* PROBLEM DETAILS
Only the pictures are dropped. Restate each line below word for word.

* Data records
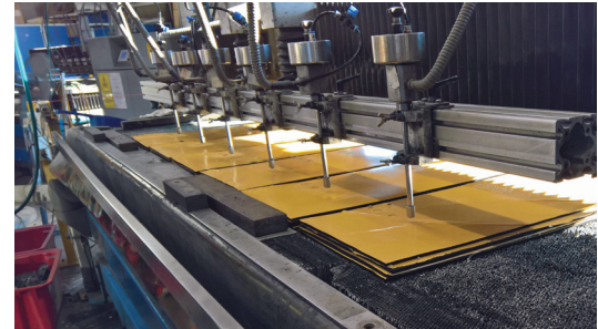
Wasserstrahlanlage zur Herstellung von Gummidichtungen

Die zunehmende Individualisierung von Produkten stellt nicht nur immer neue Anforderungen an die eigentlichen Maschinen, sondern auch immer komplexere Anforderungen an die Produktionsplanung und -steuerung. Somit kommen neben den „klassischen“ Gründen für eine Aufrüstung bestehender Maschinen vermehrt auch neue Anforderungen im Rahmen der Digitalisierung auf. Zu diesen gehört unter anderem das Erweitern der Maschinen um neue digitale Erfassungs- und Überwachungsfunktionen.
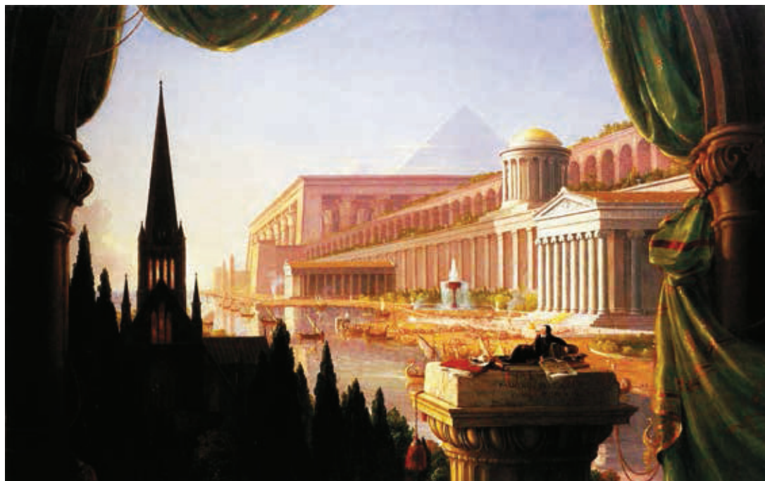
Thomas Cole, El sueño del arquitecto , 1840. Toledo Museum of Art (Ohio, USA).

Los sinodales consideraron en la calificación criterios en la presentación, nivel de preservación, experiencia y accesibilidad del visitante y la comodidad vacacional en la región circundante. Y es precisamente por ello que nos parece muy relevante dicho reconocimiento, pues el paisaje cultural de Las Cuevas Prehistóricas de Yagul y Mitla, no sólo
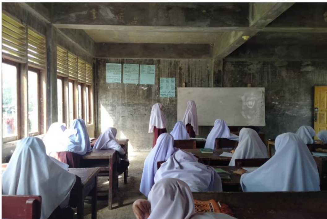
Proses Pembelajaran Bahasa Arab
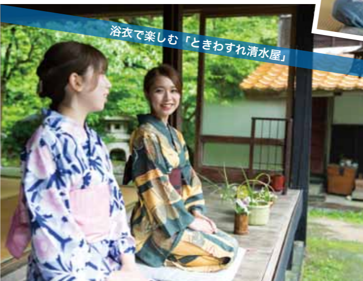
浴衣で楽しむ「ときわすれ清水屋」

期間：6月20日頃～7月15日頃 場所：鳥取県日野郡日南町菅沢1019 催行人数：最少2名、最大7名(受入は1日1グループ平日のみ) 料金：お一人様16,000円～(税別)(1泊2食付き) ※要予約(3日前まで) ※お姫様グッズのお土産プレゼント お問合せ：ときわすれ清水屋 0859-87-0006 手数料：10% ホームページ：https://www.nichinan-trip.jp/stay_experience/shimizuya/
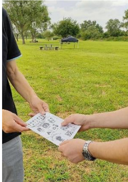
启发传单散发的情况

* EXERCISE OUTPUT
Wasserstrahlanlage zur Herstellung von Gummidichtungen

Die zunehmende Individualisierung von Produkten stellt nicht nur immer neue Anforderungen an die eigentlichen Maschinen, sondern auch immer komplexere Anforderungen an die Produktionsplanung und -steuerung. Somit kommen neben den „klassischen“ Gründen für eine Aufrüstung bestehender Maschinen vermehrt auch neue Anforderungen im Rahmen der Digitalisierung auf. Zu diesen gehört unter anderem das Erweitern der Maschinen um neue digitale Erfassungs- und Überwachungsfunktionen.
Thomas Cole, El sueño del arquitecto , 1840. Toledo Museum of Art (Ohio, USA).

Los sinodales consideraron en la calificación criterios en la presentación, nivel de preservación, experiencia y accesibilidad del visitante y la comodidad vacacional en la región circundante. Y es precisamente por ello que nos parece muy relevante dicho reconocimiento, pues el paisaje cultural de Las Cuevas Prehistóricas de Yagul y Mitla, no sólo
Proses Pembelajaran Bahasa Arab
浴衣で楽しむ「ときわすれ清水屋」

期間：6月20日頃～7月15日頃 場所：鳥取県日野郡日南町菅沢1019 催行人数：最少2名、最大7名(受入は1日1グループ平日のみ) 料金：お一人様16,000円～(税別)(1泊2食付き) ※要予約(3日前まで) ※お姫様グッズのお土産プレゼント お問合せ：ときわすれ清水屋 0859-87-0006 手数料：10% ホームページ：https://www.nichinan-trip.jp/stay_experience/shimizuya/
启发传单散发的情况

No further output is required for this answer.